Domniemanie myślenia

Nasir Khamal Malik Nasir Khamal Malik Polityka Obserwuj notkę 3

Polskę ogarnęła mania domniemania niewinności. Przez cały kraj przetaczają się grupy autorytetów moralnych, naukowych, dziennikarskich, muzycznych, prawniczych i przekonują nas, że nie wolno pisać ani mówić o czyjejś współpracy z SB, bo obowiązuje "domniemanie niewinności", bo "najpierw sąd musi to stwierdzić prawomocnym wyrokiem"...

Ja tak sobie siedzę i myślę - czy oni naprawdę wierzą w to, co nam wmawiają, czy tylko świadomie robią z nas ciemny motłoch, który niczego nie rozumie?

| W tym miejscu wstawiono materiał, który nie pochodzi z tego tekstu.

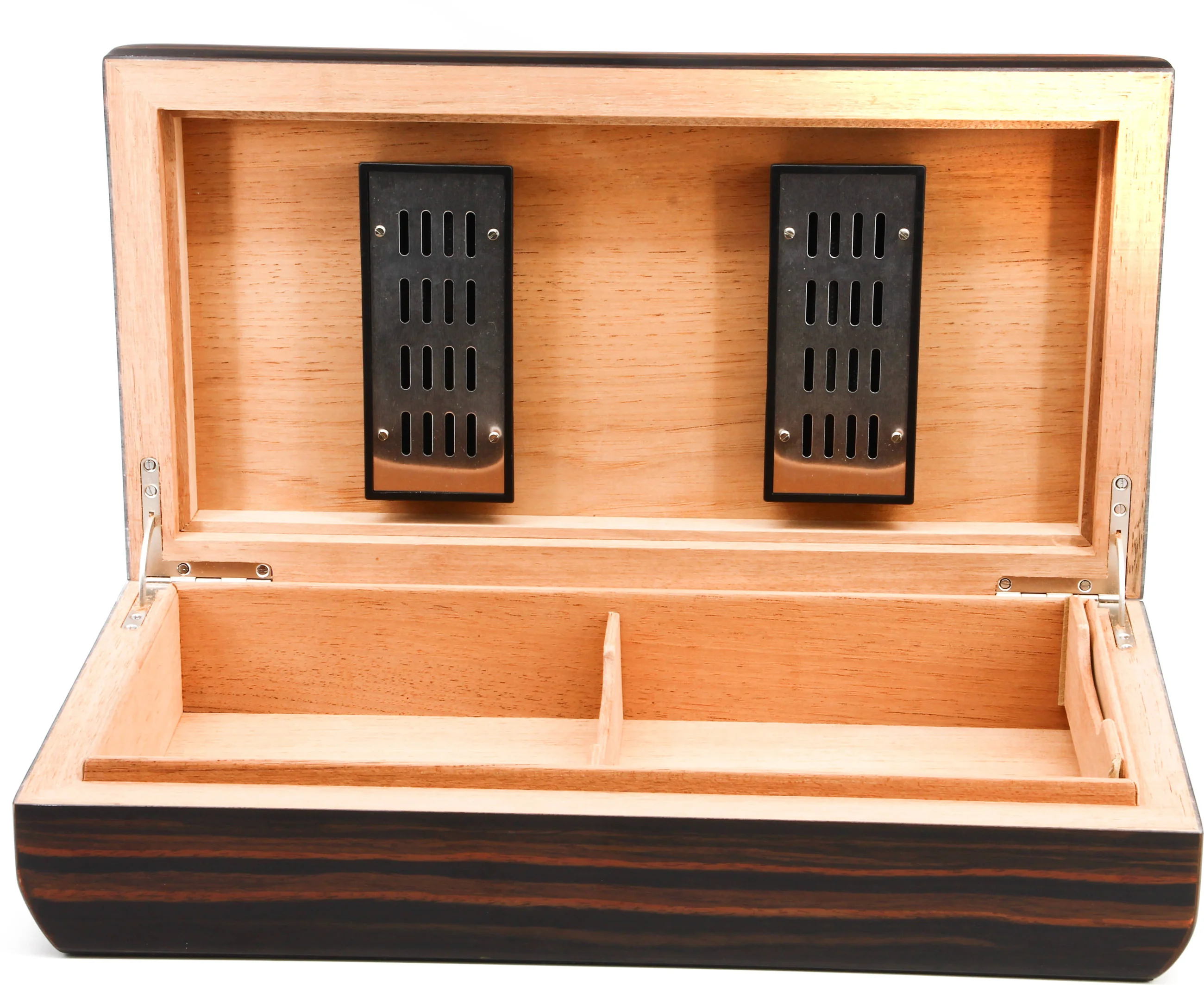 Rematado con una construcción de cuerpo grueso y bisagras sólidamente construidas, el humidor Konvex Makassar Matte 80 de Pegasus es un humidor bellamente diseñado en el que puede confiar para mantener sus puros en las mejores condiciones y con un estilo incuestionable durante los próximos años. Dese un capricho y disfrute de sus puros con un humidor Pegasus.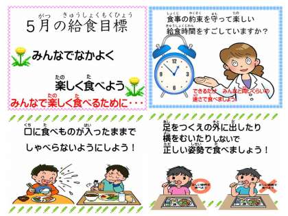 1年生の時は,偏食で,なかなか食べられなかったり,食べるのに時間がかかったり,食べることに集中できなかったりしていた子どもたちも,時間内に,ほとんど何でも食べられるように成長してきました。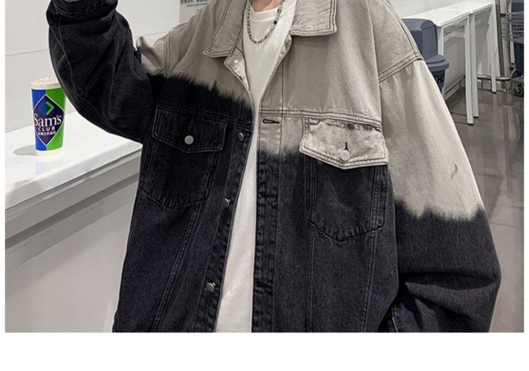 그라디언트 데님 재킷 남자의 봄과 가을 2022 새로운 가을 느슨한 한국의 미국 스타일 복고풍 홍콩 스타일 재킷 탑스토어 가기
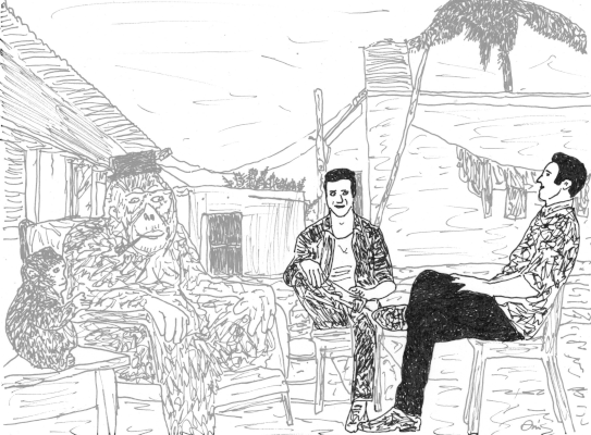 (English) Heinz has been lying sick in his room at the camp for two days because of a yogurt drink he didn’t tolerate. The little monkey Aouda is taking very sweet care of him. Helmut comes in after having been in the village and tells his friend the latest news. |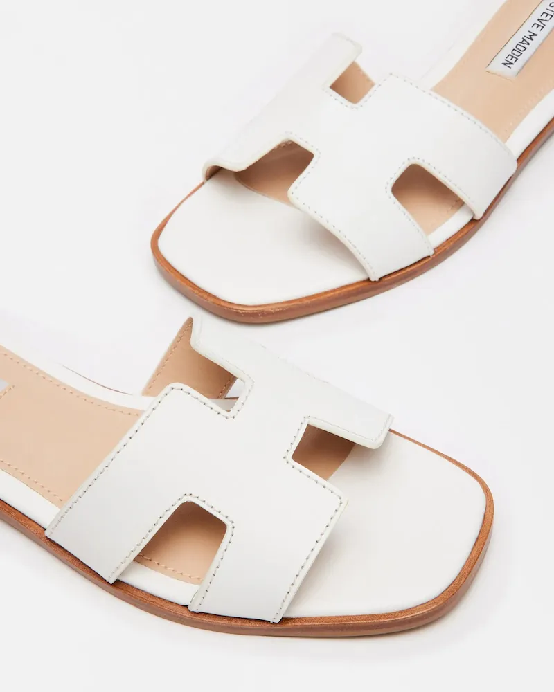 SMART + MODERN + EASYGeometric cutouts on the wide single strap of the HADYN slide give this flat sandal design a fresh feel.Slip-on styleCutout details on strap.75 inch heel heightLeather, vegan leather, or textile upper materialSynthetic liningSynthetic sockSynthetic soleImported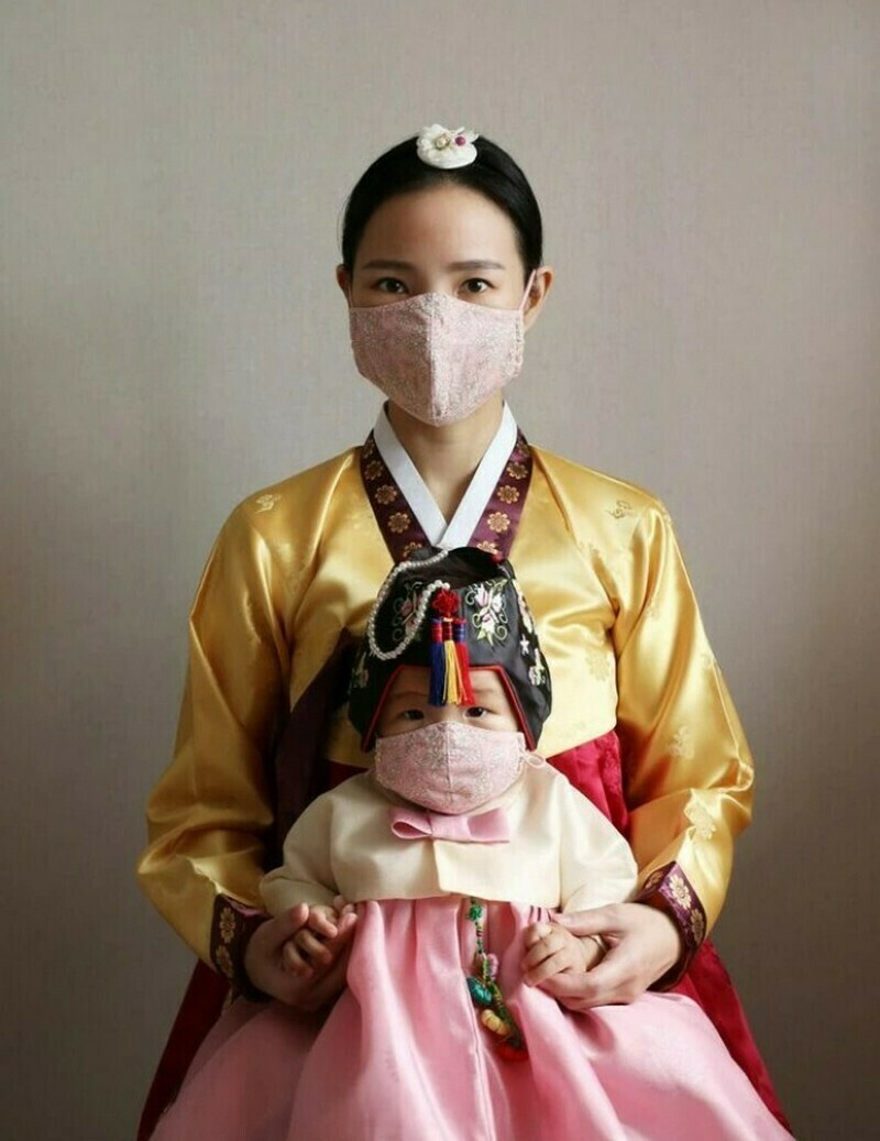 Мать и дочь во время праздника Пэк иль, который дословно переводится как «сто дней». Этот праздник отмечают в 100-й день с момента рождения ребенка. Он появился в XVIII веке, когда в Корее был очень высокий уровень младенческой смертности. В этом фото — культурное наследие Кореи, которое до сих пор поддерживают местные жители. Они не отошли от своих традиций даже в пандемию.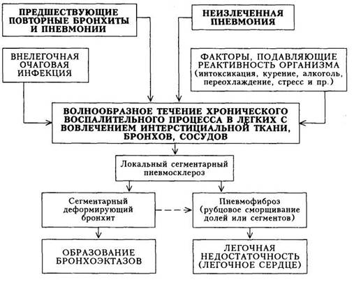 Этиология. Поскольку ХП является воспалительным заболеванием инфекционной природы, этиология ее соответствует этиологии П. Хотя нет микроорганизма, обусловливающего хроническое течение пневмонии, доказана различная степень значимости разнообразных возбудителей в переходе острого воспалительного процесса в хронический.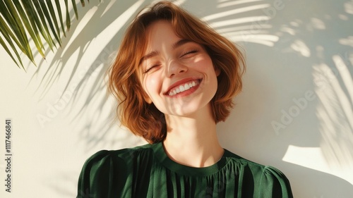 Young woman with short hair smiling with closed eyes under palm tree shadow sunny weather summer

Zastanówmy się - domniemanie niewinności to zacna i pożyteczna konstrukcja. Tyle że stosowana jest w procedurze sądowej i polega na nieobciążaniu osoby negatywnymi konsekwencjami prawnymi zarzucanego jej czynu. Upraszczając - dopóki nie zostanie udowodnione popełnienie czynu zabronionego, nie mozna zastosować sankcji prawnej.

Ale - co to niby ma wspólnego z pisaniem o czyjejś współpracy nie wiadomo. Współpraca z SB jako taka, donoszenie na znajomych nie jest przecież przestępstwem. Więc gdzie tu miejsce na domniemanie niewinności, skoro nie ma sankcji prawnych z tego tytułu. Oczywiście - w przypadkach złożenia fałszywych oświadczeń lustracyjnych sankcje takie wystąpią i domniemanie niewinnosci jest instytucją nieodzowną, jak w każdym innym postępowaniu. Tyle że nie ma to takiego przełożenia na to, co o współpracy z SB danej osoby napisze dziennikarz czy przekaże osoba, na którą donoszono.

Stwierdzenie, że dana osoba donosiła SB jest wyłącznie stwierdzeniem faktu, z którego nie wynikają skutki prawne. No cóż, może i taka osoba będzie "spalona" w środowisku, może ktoś się na nią obrazi, może ktoś się przestanie kłamać - ale gdzie tu miejsce na formalne domniemanie niewinności i prawomocne orzeczenia sądowe?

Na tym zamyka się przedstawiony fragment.